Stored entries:

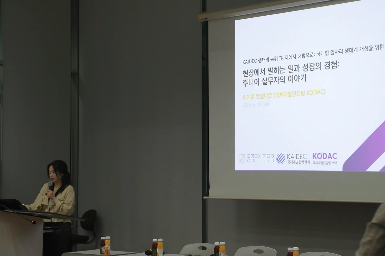 이어 국제개발컨설팅 KODAC의 이지윤 컨설턴트가 발제에 나서, 좋은 조직문화를 통해 성장한 초급 전문가의 일대기를 중심으로 좋은 조직문화를 통해 성장한 초급 전문가의 일대기를 중심으로 실무자 관점에서 체감하는 일자리 문제의 맥락을 공유했다. 이 컨설턴트는 지속가능하지 않는 국제개발협력 일자리 구조, 불안정한 고용 조건 등을 짚으며, “종사자들이 소모되지 않고 신체적, 정신적, 경제적으로 안정되고, 지속적으로 성장할 수 있는 구조"가 필요하다고 말했다.
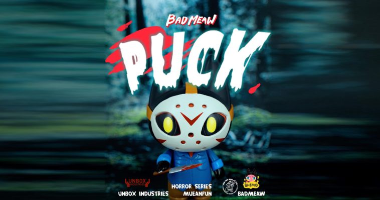 Don’t be afraid! It’s only ketchup…. well we think it is HA. Last seen at Summer Soul 2021 as a prototype, Mueanfun Sapanake’s hit character Blackhood Cat is transformed into BADMEAW Unbox is thrilled to introduce the latest release in the ongoing BADMEAW universe! Introducing PUCK! It’s like BADMEAW has been influenced by all the HALLOWEEN Friday the 13th” movies! Look at the heart! This weekend will be your chance to capture PUCK.
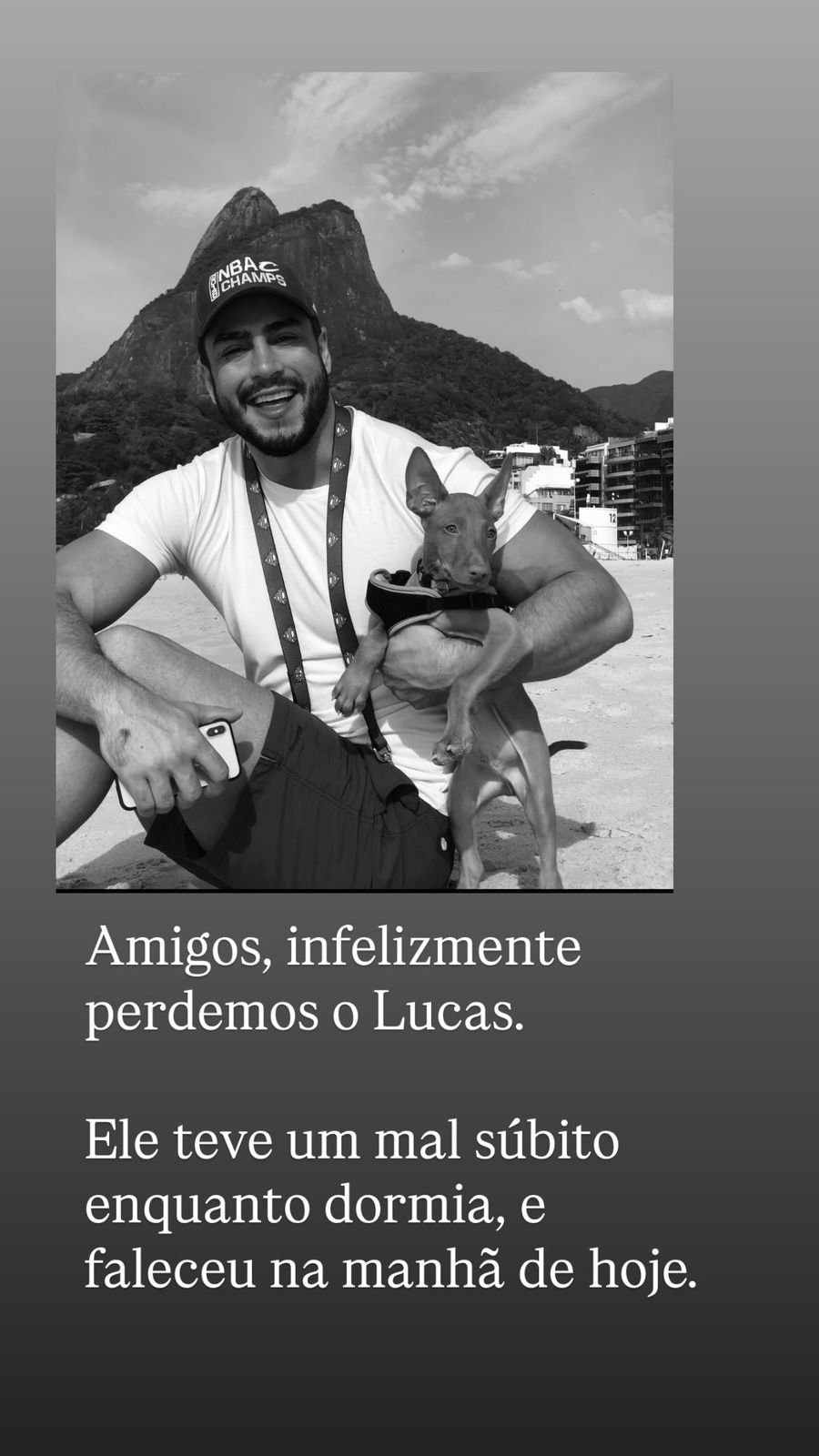 “Amigos, infelizmente perdemos o Lucas. Ele teve um mal súbito enquanto dormia e faleceu hoje de manhã. Vivemos anos incríveis, Lucas emanava amor. Por isso que eu peço que rezem por ele, e amem muito seus próximos. É um momento extremamente difícil e pessoal. Obrigado a todos por entender e respeitar’’, escreveu Correia no Instagram
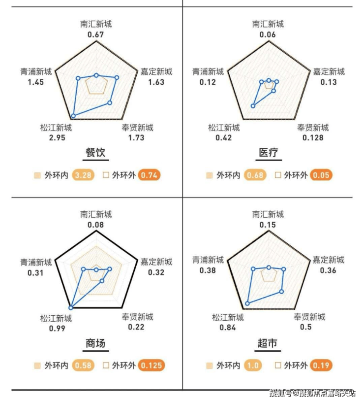 松江新城是上海最早开发的新城,也是最早通地铁的新城,商业医疗等城市配套密集程度在新城中首屈一指,下面这个对比一目了然。
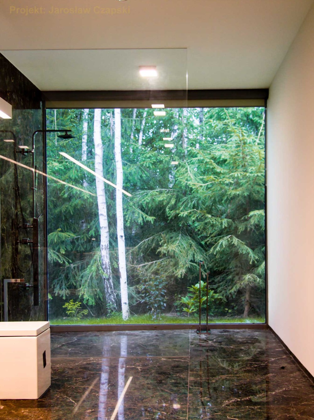 Szkło w łazience warto zabezpieczyć preparatem ClearShield. To rozwiązanie jest stosowane przez poważnych producentów kabin. Zabezpiecza ono szkło przed starzeniem się, spowalnia odkładanie się kamienia i ułatwia pielęgnację. Nasze doświadczenia wskazują, że usunięcie z szyby osadu z twardej wody wymaga jedynie przetarcia wilgotną szmatką.
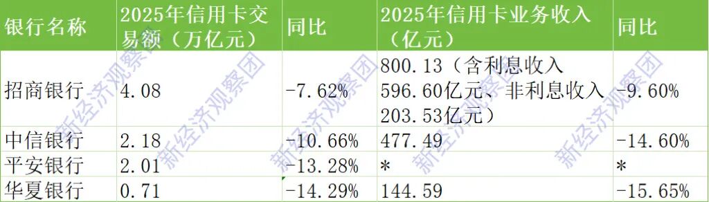 从信用卡交易额和业务收入来看,四家披露数据的股份行同样呈现承压态势。

### YOUR TASK
In the data above, take the line with "Correia no Instagram", the line with "松江新城是上海最早开发的新城", and every line between, and set them down exactly without pictures.

### RESULT FOR THIS TASK
 “Amigos, infelizmente perdemos o Lucas. Ele teve um mal súbito enquanto dormia e faleceu hoje de manhã. Vivemos anos incríveis, Lucas emanava amor. Por isso que eu peço que rezem por ele, e amem muito seus próximos. É um momento extremamente difícil e pessoal. Obrigado a todos por entender e respeitar’’, escreveu Correia no Instagram
 松江新城是上海最早开发的新城,也是最早通地铁的新城,商业医疗等城市配套密集程度在新城中首屈一指,下面这个对比一目了然。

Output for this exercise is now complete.